Cinéma Le rôle du père à nouveau interrogé par le réalisateur de "Nobody Knows".

A peine un an après "Notre petite sœur", le prolifique réalisateur japonais Hirokazu Kore-eda revenait en mai 2016 avec "Après la tempête", qui sort cette semaine sur les écrans belges.

Cette œuvre ne déroge pas au statut de Kore-eda, le réalisateur de la famille par excellence - de "Still Walking" à "Tel père, tel fils" en passant par "Noboy Knows" ou "I Wish". A chaque fois, une question de positionnement au sein la cellule se pose - comme devient-on sœur ? Comment est-on père ? Cette fois, le point d’interrogation porte sur la place du père divorcé - vis-à-vis de son fils, de son ex-femme - mais aussi de l’héritage (au propre et au figuré) de son père et de sa mère.

Ryota (Abe Hiroshi), écrivain raté et fauché, vit d’expédients. Reconverti détective privé - traquant autant les maris volages que les chats perdus - il tente de doubler ses maigres revenus en jouant aux courses, dans l’espoir de gâter son fils et, peut-être, de reconquérir sa femme Kyoko (Maki Yoko).

Mais chez Kore-eda, ce sont surtout les sentiments et l’humanité des personnages qui comptent. Ryota est confronté à l’apparent échec de sa vie suite à la mort de son père. Il revient dans le quartier de son enfance autant pour visiter sa mère (Kiki Kirin) que pour tenter de mettre la main sur quelque objet dont il pourrait tirer revenu.

Le réalisateur a eu l’idée de ce film il y a plus de quinze ans. Elle est née suite à la mort de son propre père. Ce lien intime se retrouve jusque dans les décors du film, qui a été tourné dans le complexe immobilier où Hirokazu Kore-eda a grandi durant son adolescence.
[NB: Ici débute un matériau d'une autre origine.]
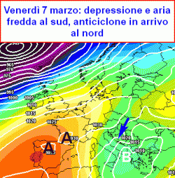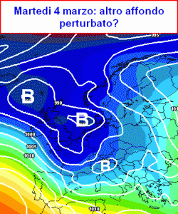 Una stretta saccatura interverrebbe tra lunedì e martedì portando una scarica di rovesci e anche un minimo transitorio al suolo in viaggio dal settentrione al medio Adriatico ed anche alcune nevicate a bassa quota dapprima sulle Alpi e poi in Appennino.

Pour porter ce récit, une nouvelle fois délicat, profondément juste dans les ressorts intimes qu’il met en branle, le réalisateur s’appuie sur sa "famille" de comédien : Abe Hiroshi, avec lequel il collabore pour la quatrième fois, depuis "Still Walking" (2008); Maki Yoko, qu’il avait dirigée dans "Tel père, tel fils" (2013), sans oublier Kiki Kirin, 73 ans, doyenne du cinéma japonais, dont c’est le cinquième film sous la direction du réalisateur (et dont le public se souviendra probablement du magnifique rôle dans "Les délices de Tokyo" de Naomi Kawase, en 2015).

Il faut entendre son personnage, à travers elle, évoquer la possible réincarnation de son mari sous la forme d’un papillon bleu qui l’a suivie peu de temps après sa mort. Le débit, les intonations, la gestuelle de la comédienne sont à cet instant pure merveille, alliance de son talent et du regard de son réalisateur. Pour des scènes comme celle-là, tout film de Kore-eda vaut le détour.
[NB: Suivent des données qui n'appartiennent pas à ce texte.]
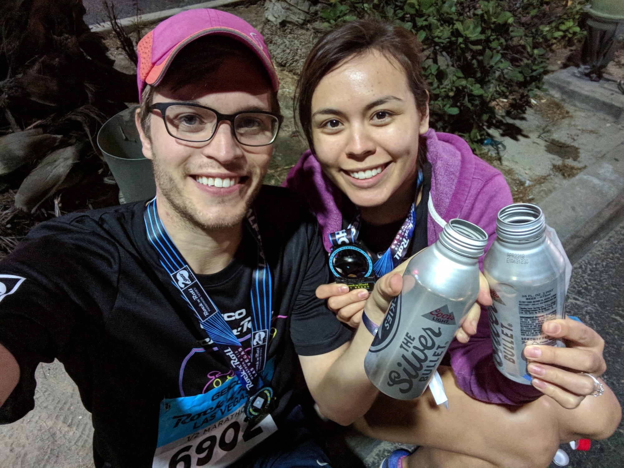 - I wouldn’t do it again. There were way too many people (20,000 participants) and it took forever to get anywhere. Due to the lack of pedestrian facilities in Las Vegas and the fact that everyone was trying to get to the same place, it took us 45 minutes of walking to reach the gear check, which was only about a mile away. Luckily, we left our AirBnB an hour before the race started. Even though the race officially started at 4:30pm, we didn’t get to start running until 5:30pm, so we were just waiting impatiently in a packed crowd of people. Plus, the faster corrals (which we had originally signed up for) closed at 4:10pm so we couldn’t get in! Some parts of the race were not well lit, and I was worried I was going to trip and fall. Worst of all the crowd of people didn’t really thin out that much during the race, so we were constantly dodging or weaving around people going at slower paces. Wait, just kidding. The worst part was at the finish line. We had to walk for a mile before we could get to the gear check at the end and rest. The finish line was at the Mirage and we exited the race area at the Bellagio – it was crazy. However the medals were pretty cool, and the race was completely flat.

Le point fort du film, c’est le basculement qui lui donne son titre symbolique, lorsqu’un typhon contraint toute la famille décomposée à se cloîtrer dans le même appartement. L’art subtil de l’observation du réalisateur se déploie alors pleinement, avec la "force tranquille" qui est la sienne.
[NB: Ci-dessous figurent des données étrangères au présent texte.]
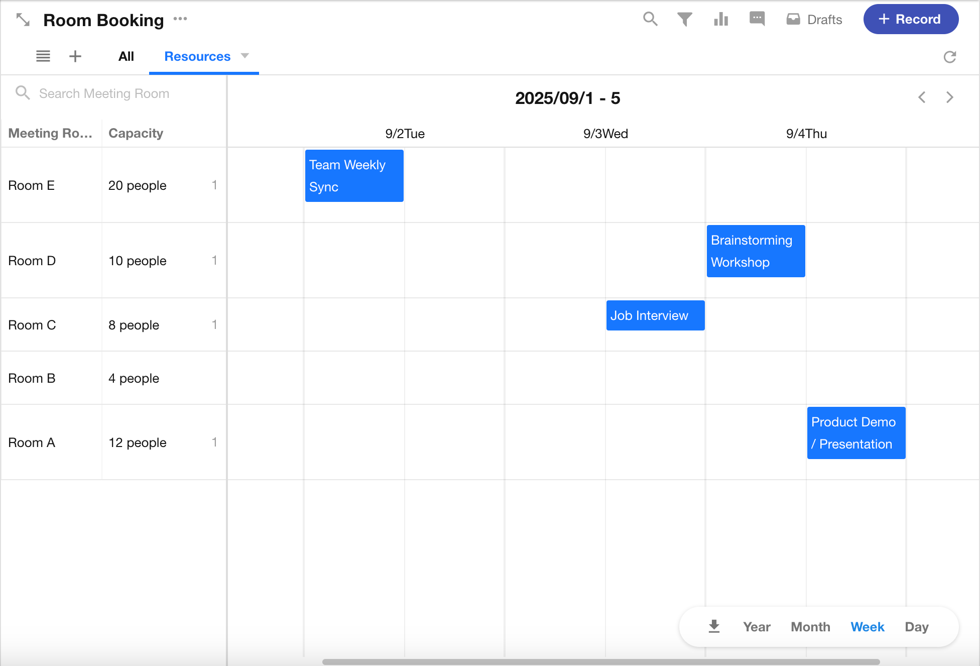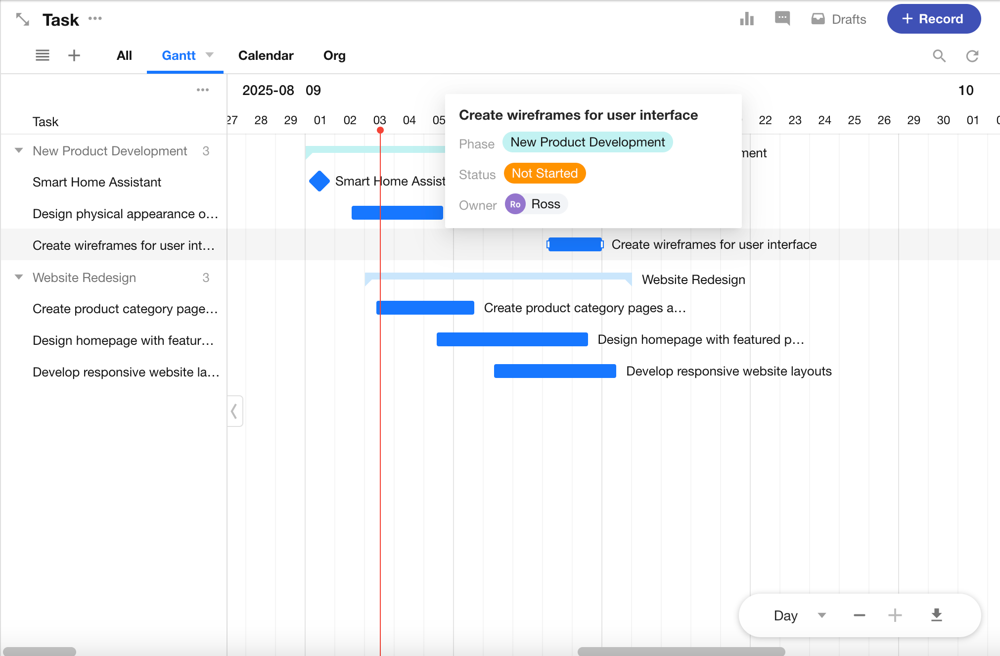 Table View, Kanban View, Details View, Org View, Gallery View, Map View, Resources View, Calendar View, Gantt View, and Plugin View.

On rappellera qu’au Japon, les forces de la nature, et les typhons en particulier, se déchaînent régulièrement, ne constituant en soi rien d’exceptionnel. Le danger sous-jacent qui les accompagne contribuent au sentiment de l’impermanence, profondément intériorisé dans la culture nippone et constitutif du bouddhisme. Source de souffrance pour les uns, elle apparaît au contraire chez Kore-eda comme ferment de la capacité au changement ou au renouveau.

"Après la tempête" ne dénote pas dans une œuvre décidément d’une rare cohérence et d’une tout aussi rare humanité. Au moment où elle survient, on rêverait d’être enfermé en pleine tempête avec une famille made in Kore-eda.


© IPM
Réalisation et scénario : Hirokazu Kore-eda. Avec Abe Hiroshi, Maki Yoko, Kiki Kirin,… 2h.